Som vintage, formatos acessíveis e o crescimento do home studio impulsionam a nova onda do baixo elétrico.

O baixo elétrico vive um momento especial em 2025. Embora a guitarra continue sendo o instrumento mais popular, o baixo registrou um aumento consistente de vendas, impulsionado pela retomada de shows ao vivo, pela presença crescente em gêneros urbanos, pela profissionalização do músico independente e pelo papel essencial do instrumento na produção musical moderna.

Ainda que não existam números públicos por modelo em todos os mercados, a convergência entre dados de grandes varejistas internacionais, relatórios de consumo e comunidades especializadas permite identificar as séries mais procuradas — e as tendências que explicam seu sucesso.

Os baixos que mais se destacam em 2025

(Não é um ranking oficial, mas uma leitura profissional baseada na recorrência de modelos em lojas, reviews, escolas e turnês.)

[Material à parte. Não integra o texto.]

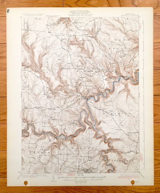 Antique Karthaus, Pennsylvania 1932 US Geological Survey Topographic Map - Graham, Cooper, Snow Shoe, Burnside, Covington, Girard, Gibson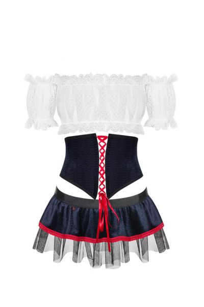 Готова підкорити коханого своїми чарами? хочеш взяти його в свій солодкий полон? ігровий костюм дівчини слов’янки obsessive slaviana допоможе втілити в реальність всі ваші відверті фантазії!____кокетлівий дизайн костюма__напівпрозорий білий топ додасть образу сексуальності _ _ два коротких рукава не з’єднані з топом _ _ сексуальний структурований ремінь з корсетною зав’язкою підкреслить витонченість твоєї талії__грайлива коротенька спідничка зав’язується ззаду на бант__приємні матеріали: топ і рукава (90% поліамід, 10% еластан), пояс і спідниця (92% поліестер, 10% еластан)__
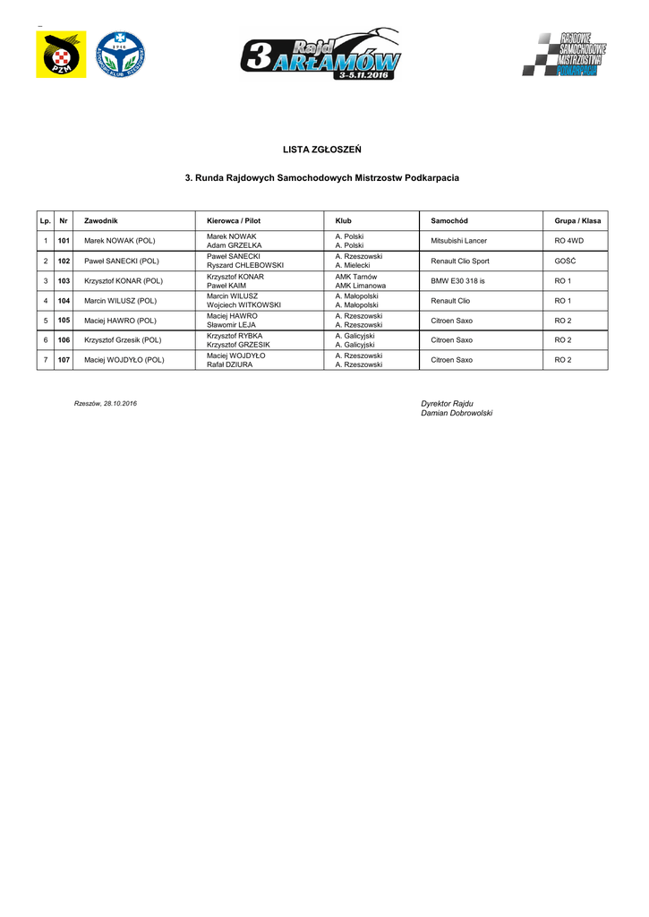 lista zgłoszeń - 3. Rajd Arłamów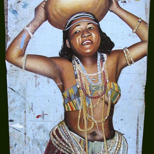 This is a painting that was displayed on the outside of a commercial art studio in Accra, called Dakar Art, painted by the artists there to use to advertise their own skill as painters. This signboard measures 46 1/2 x 28″ (118 x 71 cm).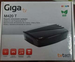 Sintonizador grabador TDT Giga tv M420 T. - Pequeño sintonizador grabador. - Grabación de programas de TV. - Reproducción de archivos de música, vídeo y fotos. - Pausa y rebobina emisiones en directo. - Funciones: Timeshift, Guía de programación (EPG), Reproductor multimedia, USB grabador. - Certificación ECO.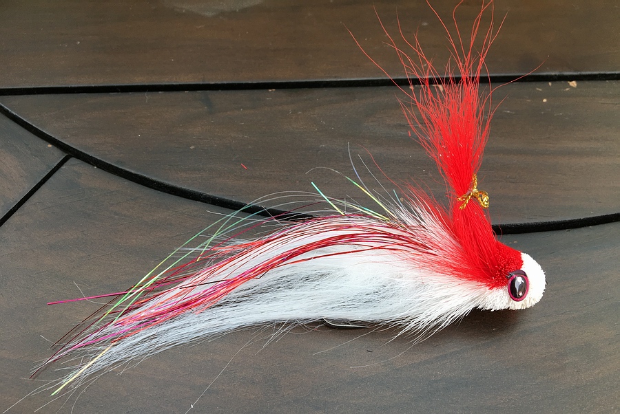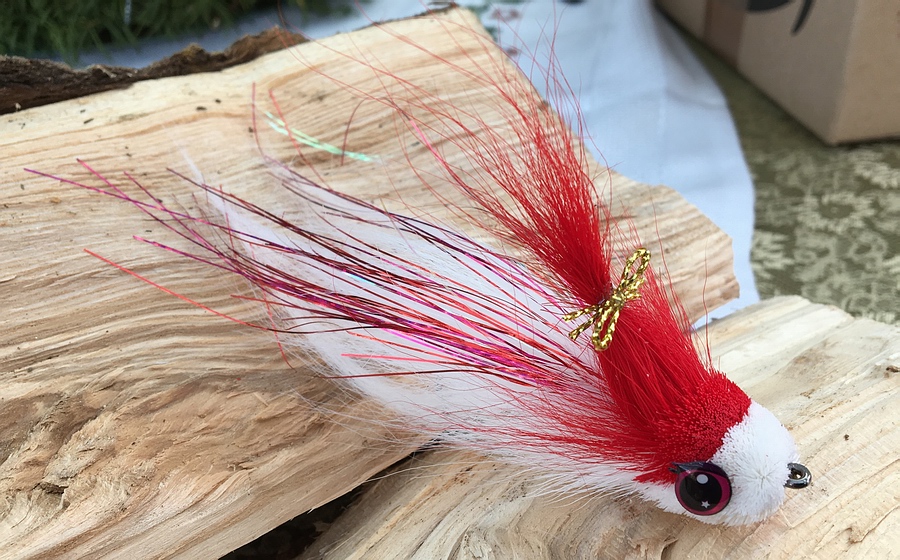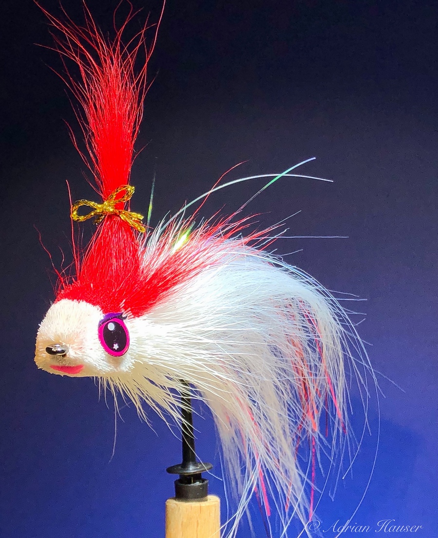 Material: Dear Brush Hair (weiß und rot), Fur-Fiber, Flash in rot und pink, Lippen UV-Kleber in pink, Klebeaugen mit Epoxy befestigt, gebunden auf einen Tunca 8/0. Gesamtlänge dieses Werkes: rd. 17 cm. |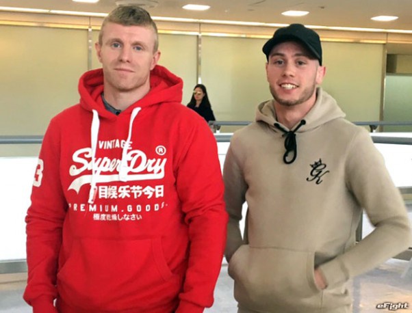 トレーナーと共に来日し、笑顔を見せる挑戦者シェーハン(右)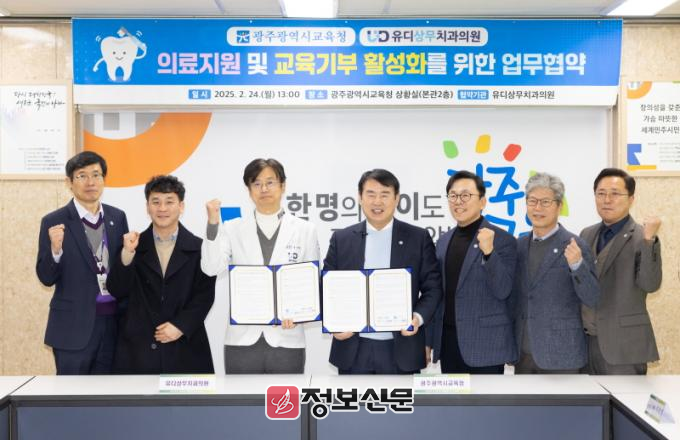 광주시교육청과 유디상무치과의원은 24일 본청 상황실에서 ‘치과치료 지원을 위한 업무협약’을 체결했다. 이번 협약은 학생들에게 구강 관리의 중요성 등을 알리기 위해 마련됐다.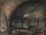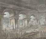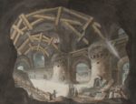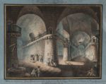 GÉLIGNY. Pierre-Antoine. [Suite d'aquarelles d'un prisonnier en Espagne]. (1793-1802). Sept dessins gouachés sur vergé bleu ou blanc, contrecollés sur papier fort, certains encadrés d'un bord noir ou entourés d'un liseré de papier doré collé. Les deux pour certains. De formes rectangulaires, tous entre 40 cm de largeur sur 60 cm de longeur. Titre et date à l'encre au bas du recto de la vue a, "Vue de l'intérieur d'une Prison, inventée et Dessinée par Géligny, prisonnier de Guerre en Espagne (a Valladolida), le 28 Vendémiaire An 3". Les vues c, d et e sont signées à l'encre "Géligny inv'" et certaines sont datées. Des poèmes manuscrits conemporains (encre) au verso des vues b et d et au recto de la vue a. Quelques rousseurs et accrocs sans gravité. "Quant à sa probité, son instruction, zèle et intelligence, je ne puis me refuser sans injustice de lui rendre les éloges qu'il mérite..." selon l'Ingénieur en chef des Ponts et Chaussées Boizot au sujet de Pierre Antoine Géligny, ingénieur depuis 1791. Le jeune ingénieur est enrôlé dans l'Armée révolutionnaire. Parti s'occuper du pont de Limbourg, il sera fait prisonnier par les espagnols du 28 vendémiaire de l'an III au 18 vendémiaire de l'an IV, passant de Vittoria à Burgos et enfin à Valladolid qui semble l'avoir particulièrement marqué. Géligny est gravement atteint physiquement et moralement, et commence sa prose peinte - il date de l'an III la première des vues carcérales et sa dernière aquarelle est datée de 1802. Plusieurs années durant, Géligny médiatise ses souffrances et ses angoisses dans des dessins. Boizot nous le décrit encore "martyr" et dans un "état facheux de démence". Géligny décèdera en juillet 1809, à Paris ou il était né. Pauvre et isolé.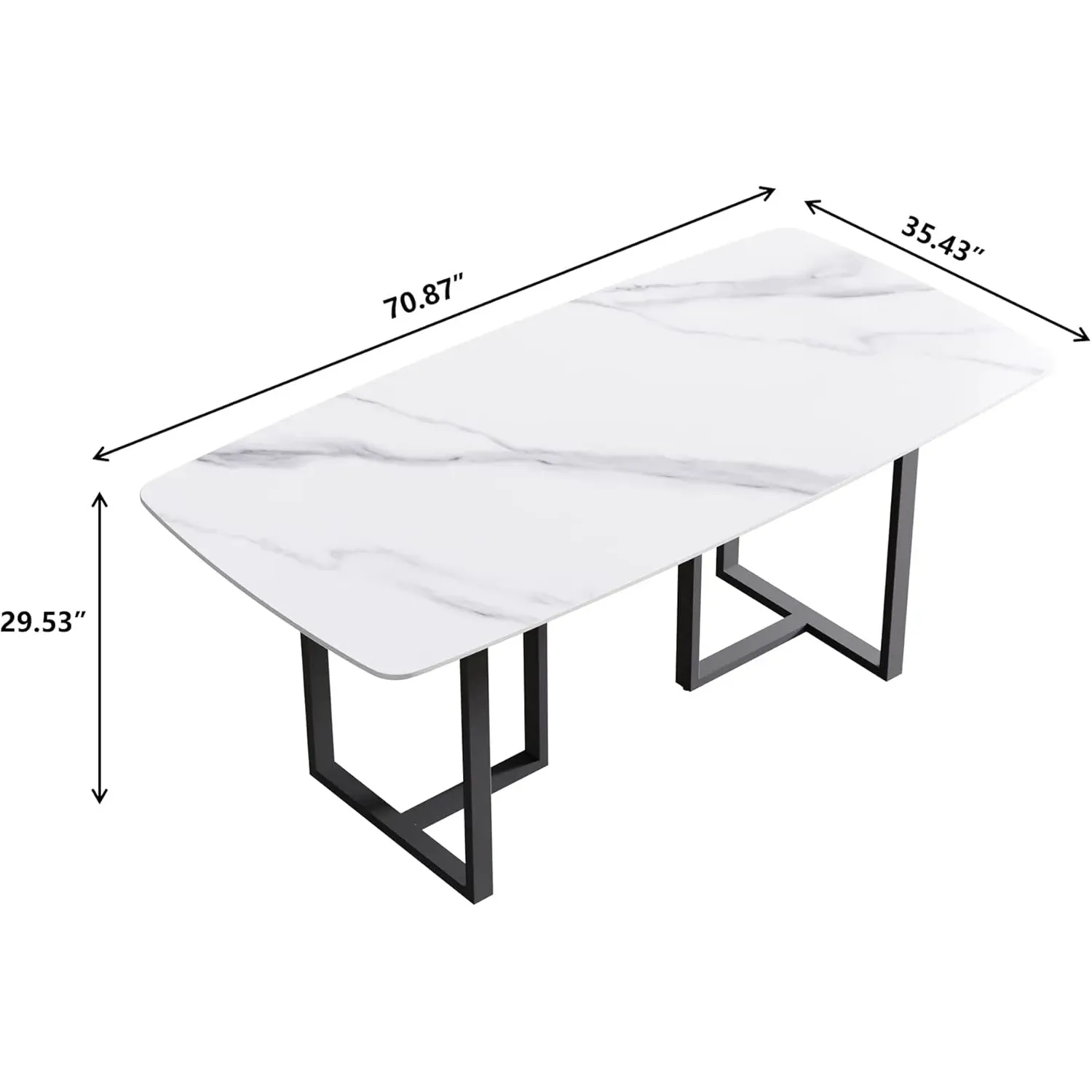 Curvea Elegant Dining Tables | 70" Rectangular White with Onyx Black Base for 6-8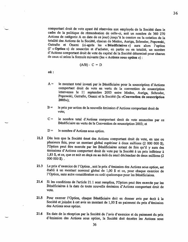 1.21          En vertu de la définition présentée à l’article 1.22 de la CUA, le Groupe C se compose des actionnaires suivants : Medco, Gutrafin et Schroder, lequel désigne deux administrateurs, dont M. Collin Bier qui agira à titre de président du conseil d’administration.

Segmento de entrada / estudantes

  • Squier Classic Vibe Jazz Bass / Precision Bass
  • Yamaha TRBX304 / TRBX174
  • Ibanez GSR200 / SR300

Por que vendem: preço competitivo, facilidade de aprendizado, versatilidade em estúdio e palco, e a confiança em marcas com tradição educacional.

Gama média para músicos ativos

  • Fender Player Precision / Player Jazz Bass
  • Sire Marcus Miller V5 / V7
  • Ibanez SR500 / SR650

Tendência: o baixista moderno busca som profissional sem preços proibitivos. A Sire mantém destaque pela combinação de alto valor agregado e especificações premium.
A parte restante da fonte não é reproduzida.